Momen Pelepasan Armada Karhutla Kalteng Banjir Kritikan di Medsos - detik
Palangka Raya -
Pemerintah Provinsi Kalimantan Tengah (Kalteng) mendapat sorotan publik setelah menggelar apel personel penanganan kebakaran hutan dan lahan (karhutla). Video momen seremonial pelepasan armada gabungan pun viral dan dibanjiri kritikan oleh warganet.
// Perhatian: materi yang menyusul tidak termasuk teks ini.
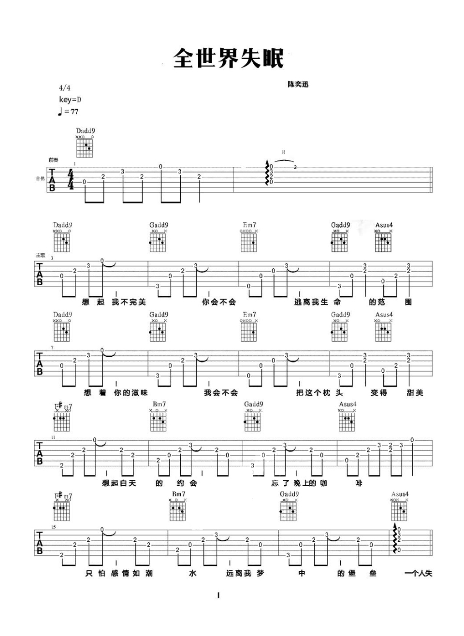 全世界失眠吉他谱 - 陈奕迅 - D调吉他弹唱谱
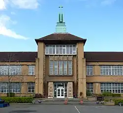 In 1894 Archbishop Eyre of Glasgow invited Mary Lescher and the Sisters of Notre Dame to come from the Mother House in Liverpool to establish a community in Glasgow.[2] The Notre Dame Training College was opened in 1893 at Dowanhill and began teaching in January 1895. In 1897 Notre Dame School was opened as a private secondary and Montessori school,[2] with a roll of 24 pupils, instructed by two teachers. By 1912, the number of pupils had risen to 193. Overcrowding led to proposals for a new building. This was designed by Thomas Cordiner in 1939, but due to the outbreak of war, construction was delayed, and the building opened in 1953. In 1987, the school was protected as a category A listed building.[3] At the same time as proposals to close the school were defeated.[4] The former high school building and adjoining primary school building and church were damaged in a fire on 12 June 2010.[5]
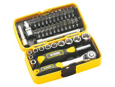 10 douilles : 5,5, 6, 7, 8, 9, 10, 11, 12, 13, 14mm. 1 joint universel. 2 barres d’extension 50mm et 100mm. Poignée à 1 spinner. 1 coupleur. 1/4” DR. × 1/4” HEX. 22 bites : (+) 1, 2, 2, 3. (-) 3, 4, 5, 6. (*) 1, 2, 3. (H) 3, 4, 5, 6. (T) 10, 15, 20, 25, 27, 30, 40. Antidérapant. 313060
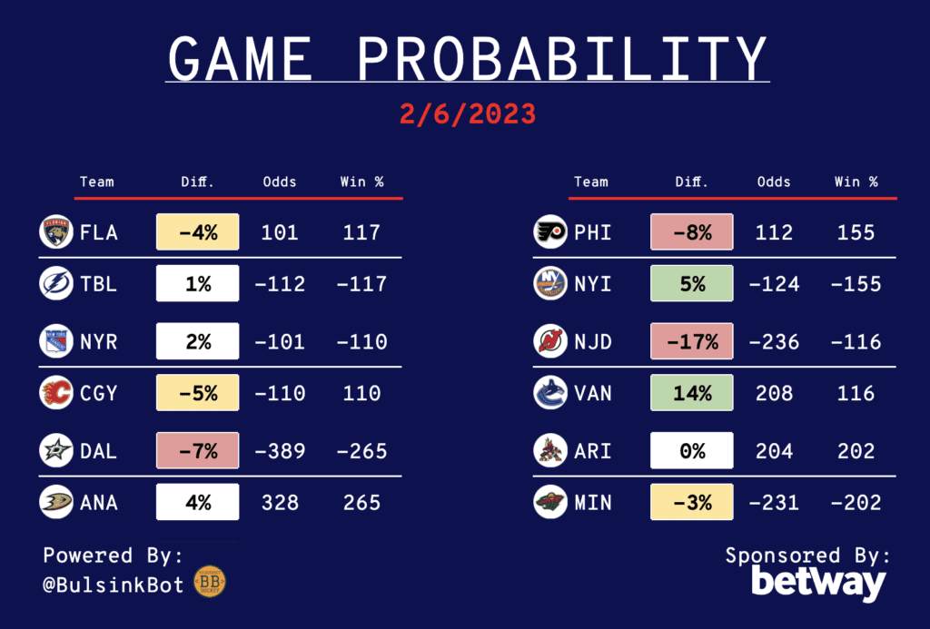 Each day we will look at each game, the Sportsbook Odds (via Betway), and the odds of each team winning based on the model created by Philip Bulsink. Based on those two numbers, we can quickly identify which teams we need to bet on, which teams to avoid and which lines to keep an eye on throughout the day.
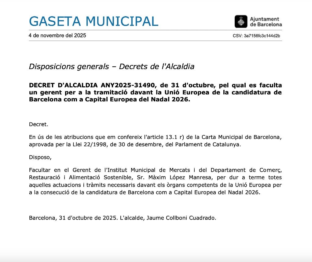 Barcelona aspira a ser la Capital Europea de Nadal del 2026. L’Ajuntament té previst presentar la candidatura davant la Unió Europea (UE). El govern de Jaume Collboni n’ha designat al gerent de l’Institut de Mercats, Màxim López, “per dur a terme totes aquelles actuacions i tràmits necessaris davant els òrgans competents de la UE per a la consecució”, recull un decret d’alcaldia publicat a la Gaseta Municipal, el butlletí oficial del consistori, aquest dimarts [veure aquí].
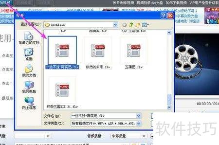 2、 点击视频添加按钮后,系统将弹出文件选择窗口。在该窗口中找到已下载的FLV文件,选中并点击打开,即可将所需转换的FLV文件导入转换工具,具体操作所示。
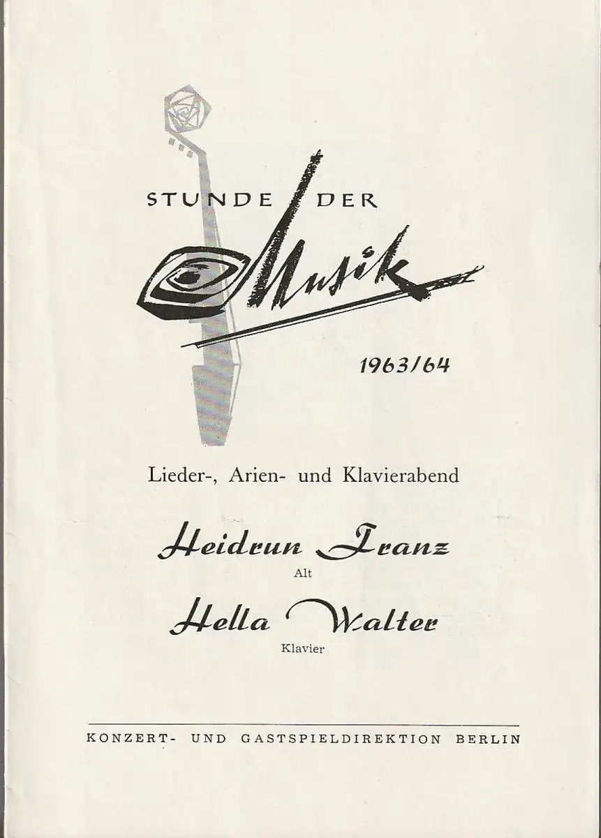 Konzert- und Gastspieldirektion Berlin: Programmheft STUNDE DER MUSIK 1963 / 64 LIEDER-, ARIEN- UND KLAVIERABEND Heidrun Franz / Hella Walter.

Video pelepasan itu telah diunggah ulang berbagai akun medsos sejak 31 Agustus 2026. Tampak dalam video, Gubernur Kalteng Agustiar Sabran didampingi sejumlah pejabat mengangkat bendera kotak-kotak hitam putih seperti yang biasa digunakan dalam ajang balapan.
Banyak warganet mempertanyakan urgensi acara pelepasan tersebut, mengingat karhutla sudah meluas dan perlu segera ditangani. Setiap menit dirasa sangat penting dalam menangani karhutla.
Merespons kritikan warga, Pemerintah Provinsi Kalteng menegaskan komitmennya untuk memperkuat penanganan karhutla dengan melibatkan berbagai unsur.
Kepala Pelaksana Badan Penanggulangan Bencana dan Pemadam Kebakaran (BPBD-Damkar) Kalteng, Ahmad Toyib, menyebut pemerintah akan memperbaiki kesalahan. Dia juga mengajak masyarakat turut membantu melaporkan keberadaan titik api.
"Semakin cepat titik api diketahui, semakin besar peluang petugas melakukan penanganan sebelum api menjalar dan menyebabkan kebakaran semakin luas. Kritik itu biasa dan akan kita perbaiki jika salah," katanya singkat Rabu (2/9/2026).
Di tengah kritik yang berkembang di media sosial, tantangan utama pemerintah kini adalah memastikan pengerahan armada dan personel tersebut benar-benar berujung pada tindakan cepat di lapangan.
"Sebab, bagi masyarakat yang terdampak karhutla, keberhasilan penanganan bukan sekadar terlihat dari seremoni pelepasan pasukan, tetapi seberapa cepat api dapat dikendalikan dan dampak asap dapat diminimalkan," ungkap dia.
Dalam Apel Pasukan Karhutla 2026 yang digelar di Halaman Istana Isen Mulang, Palangka Raya, Senin (31/8/2026) itu, Gubernur Agustiar sempat memberikan amanatnya. Dia meminta seluruh pihak mengedepankan kolaborasi dalam menghadapi ancaman karhutla.
Menurutnya, kondisi yang terjadi bukan waktunya bagi berbagai pihak untuk saling menyalahkan. Penanganan kebakaran membutuhkan kerja bersama agar api dapat segera dikendalikan.
"Mengingat api tidak akan padam dengan tuduhan dan asap tidak akan hilang dengan perdebatan, melainkan membutuhkan semangat kerja sama dan gotong royong," ujar Agustiar.